What carries the argument
The 3-layer convolution structure that outputs per-pixel adaptive dilation rates.
If this is right
- ASCNet achieves the highest segmentation accuracy on the Herlev and SCD RBC datasets.
- The automatically generated dilation rates increase with object size.
- The approach extracts multi-scale information without fixed rates or extra computational cost from kernel expansion.
- Pixel-level rates avoid the information loss that comes from maximum pooling.
Where Pith is reading between the lines
- The same per-pixel adaptation idea could be tested on natural-image datasets that contain large scale variation.
- If the learned rates prove stable across domains, the method might reduce the need for explicit multi-scale modules such as feature pyramids.

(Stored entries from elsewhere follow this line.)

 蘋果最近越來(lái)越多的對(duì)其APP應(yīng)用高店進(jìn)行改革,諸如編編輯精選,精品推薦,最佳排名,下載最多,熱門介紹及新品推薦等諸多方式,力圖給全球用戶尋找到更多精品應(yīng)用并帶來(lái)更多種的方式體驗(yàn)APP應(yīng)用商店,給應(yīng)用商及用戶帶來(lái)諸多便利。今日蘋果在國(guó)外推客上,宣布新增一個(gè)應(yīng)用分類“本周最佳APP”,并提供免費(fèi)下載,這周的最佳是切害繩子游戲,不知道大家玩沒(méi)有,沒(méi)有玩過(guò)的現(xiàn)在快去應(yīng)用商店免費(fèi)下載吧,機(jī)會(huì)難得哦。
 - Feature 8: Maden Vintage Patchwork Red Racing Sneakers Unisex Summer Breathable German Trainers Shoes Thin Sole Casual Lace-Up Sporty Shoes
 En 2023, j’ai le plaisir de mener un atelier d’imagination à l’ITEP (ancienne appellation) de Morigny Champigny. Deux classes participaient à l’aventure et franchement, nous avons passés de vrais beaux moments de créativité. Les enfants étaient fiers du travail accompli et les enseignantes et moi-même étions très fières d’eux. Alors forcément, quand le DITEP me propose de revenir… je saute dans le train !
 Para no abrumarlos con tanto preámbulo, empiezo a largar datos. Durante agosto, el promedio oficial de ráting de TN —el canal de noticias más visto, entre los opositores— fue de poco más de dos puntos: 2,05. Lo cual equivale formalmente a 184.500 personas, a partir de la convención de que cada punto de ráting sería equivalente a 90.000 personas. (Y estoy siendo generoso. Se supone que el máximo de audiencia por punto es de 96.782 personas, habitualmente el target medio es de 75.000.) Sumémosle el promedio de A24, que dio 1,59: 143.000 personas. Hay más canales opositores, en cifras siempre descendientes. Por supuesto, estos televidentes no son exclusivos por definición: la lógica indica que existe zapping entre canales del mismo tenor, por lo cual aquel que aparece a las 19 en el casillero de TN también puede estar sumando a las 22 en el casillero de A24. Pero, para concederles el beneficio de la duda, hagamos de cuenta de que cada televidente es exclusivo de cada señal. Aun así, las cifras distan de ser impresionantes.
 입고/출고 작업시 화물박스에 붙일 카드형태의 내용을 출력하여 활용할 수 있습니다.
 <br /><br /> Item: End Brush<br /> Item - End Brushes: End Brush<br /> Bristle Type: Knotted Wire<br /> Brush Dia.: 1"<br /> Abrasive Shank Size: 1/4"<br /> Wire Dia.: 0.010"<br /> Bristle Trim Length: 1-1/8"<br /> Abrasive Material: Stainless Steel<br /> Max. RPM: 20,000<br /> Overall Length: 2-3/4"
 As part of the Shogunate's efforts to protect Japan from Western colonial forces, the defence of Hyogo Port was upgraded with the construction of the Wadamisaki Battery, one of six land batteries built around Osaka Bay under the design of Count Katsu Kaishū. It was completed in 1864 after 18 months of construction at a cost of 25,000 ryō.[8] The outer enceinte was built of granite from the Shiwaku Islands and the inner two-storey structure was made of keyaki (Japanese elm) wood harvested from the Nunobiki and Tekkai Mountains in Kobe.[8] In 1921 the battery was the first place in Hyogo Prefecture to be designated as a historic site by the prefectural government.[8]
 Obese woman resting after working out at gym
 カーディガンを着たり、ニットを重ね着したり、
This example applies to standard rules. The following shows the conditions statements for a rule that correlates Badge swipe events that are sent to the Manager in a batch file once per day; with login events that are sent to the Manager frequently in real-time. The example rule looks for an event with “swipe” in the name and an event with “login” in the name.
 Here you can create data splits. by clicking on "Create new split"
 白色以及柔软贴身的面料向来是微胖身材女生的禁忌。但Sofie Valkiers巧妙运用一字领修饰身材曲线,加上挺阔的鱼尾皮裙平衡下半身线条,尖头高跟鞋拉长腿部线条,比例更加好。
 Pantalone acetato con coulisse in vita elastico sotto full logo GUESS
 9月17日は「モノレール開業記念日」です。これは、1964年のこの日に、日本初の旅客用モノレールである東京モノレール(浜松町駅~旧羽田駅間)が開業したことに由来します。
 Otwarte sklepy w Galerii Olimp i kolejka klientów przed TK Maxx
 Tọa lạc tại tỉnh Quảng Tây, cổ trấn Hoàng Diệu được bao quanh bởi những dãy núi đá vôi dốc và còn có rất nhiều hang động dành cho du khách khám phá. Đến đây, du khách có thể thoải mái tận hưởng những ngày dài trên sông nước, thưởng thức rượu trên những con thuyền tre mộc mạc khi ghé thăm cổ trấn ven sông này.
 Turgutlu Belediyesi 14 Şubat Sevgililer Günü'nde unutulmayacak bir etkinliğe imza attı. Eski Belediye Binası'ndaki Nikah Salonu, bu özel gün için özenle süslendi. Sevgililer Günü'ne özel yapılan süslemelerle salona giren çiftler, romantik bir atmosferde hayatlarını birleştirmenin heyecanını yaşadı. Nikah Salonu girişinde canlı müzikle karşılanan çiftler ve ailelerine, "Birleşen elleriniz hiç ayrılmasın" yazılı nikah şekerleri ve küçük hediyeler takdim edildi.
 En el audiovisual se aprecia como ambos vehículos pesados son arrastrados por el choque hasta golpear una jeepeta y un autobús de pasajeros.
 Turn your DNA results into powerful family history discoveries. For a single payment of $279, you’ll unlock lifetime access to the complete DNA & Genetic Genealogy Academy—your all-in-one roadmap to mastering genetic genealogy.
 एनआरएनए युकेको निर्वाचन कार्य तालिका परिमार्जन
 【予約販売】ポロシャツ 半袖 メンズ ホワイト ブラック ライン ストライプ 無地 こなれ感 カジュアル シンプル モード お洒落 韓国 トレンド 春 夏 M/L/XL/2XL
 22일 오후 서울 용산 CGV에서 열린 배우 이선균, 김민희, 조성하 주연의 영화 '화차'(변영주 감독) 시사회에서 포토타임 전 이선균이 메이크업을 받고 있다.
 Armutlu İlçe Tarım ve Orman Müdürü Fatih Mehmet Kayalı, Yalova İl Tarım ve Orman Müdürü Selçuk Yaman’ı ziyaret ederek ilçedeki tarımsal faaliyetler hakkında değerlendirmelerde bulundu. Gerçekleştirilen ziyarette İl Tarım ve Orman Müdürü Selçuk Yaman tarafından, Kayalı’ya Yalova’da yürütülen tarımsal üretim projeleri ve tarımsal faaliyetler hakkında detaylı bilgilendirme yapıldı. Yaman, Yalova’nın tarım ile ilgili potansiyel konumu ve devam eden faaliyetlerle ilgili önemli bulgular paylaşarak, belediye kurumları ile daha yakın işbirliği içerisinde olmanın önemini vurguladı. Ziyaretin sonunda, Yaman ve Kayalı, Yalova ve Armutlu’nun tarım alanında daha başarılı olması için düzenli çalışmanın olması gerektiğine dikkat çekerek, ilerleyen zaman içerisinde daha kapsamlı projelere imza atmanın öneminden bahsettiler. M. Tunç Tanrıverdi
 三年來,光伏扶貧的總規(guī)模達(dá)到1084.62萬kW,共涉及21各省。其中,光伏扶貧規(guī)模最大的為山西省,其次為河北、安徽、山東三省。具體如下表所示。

- One could measure whether the 3-layer module adds measurable latency at inference time on the same hardware used for the original experiments.
Load-bearing premise
The 3-layer structure can learn per-pixel dilation rates that generalize beyond the training set and that the positive correlation with object size demonstrates the rates are effective rather than an artifact.
What would settle it
If additional datasets show no accuracy gain over fixed-rate dilated networks or no positive correlation between learned rates and measured object sizes, the central claim would be challenged.
Figures
read the original abstract
Extracting multi-scale information is key to semantic segmentation. However, the classic convolutional neural networks (CNNs) encounter difficulties in achieving multi-scale information extraction: expanding convolutional kernel incurs the high computational cost and using maximum pooling sacrifices image information. The recently developed dilated convolution solves these problems, but with the limitation that the dilation rates are fixed and therefore the receptive field cannot fit for all objects with different sizes in the image. We propose an adaptivescale convolutional neural network (ASCNet), which introduces a 3-layer convolution structure in the end-to-end training, to adaptively learn an appropriate dilation rate for each pixel in the image. Such pixel-level dilation rates produce optimal receptive fields so that the information of objects with different sizes can be extracted at the corresponding scale. We compare the segmentation results using the classic CNN, the dilated CNN and the proposed ASCNet on two types of medical images (The Herlev dataset and SCD RBC dataset). The experimental results show that ASCNet achieves the highest accuracy. Moreover, the automatically generated dilation rates are positively correlated to the sizes of the objects, confirming the effectiveness of the proposed method.
Editorial analysis
A structured set of objections, weighed in public.
Referee Report
Summary. The paper proposes ASCNet, which augments standard CNNs for semantic segmentation with a 3-layer convolution module that learns per-pixel dilation rates in an end-to-end fashion. This is intended to produce object-size-appropriate receptive fields without the cost of large kernels or the information loss of pooling. Experiments on the Herlev and SCD RBC medical-image datasets are reported to show that ASCNet attains the highest accuracy among compared methods (classic CNN, fixed-dilation CNN) and that the learned dilation rates correlate positively with object size, which the authors interpret as confirmation of the method's effectiveness.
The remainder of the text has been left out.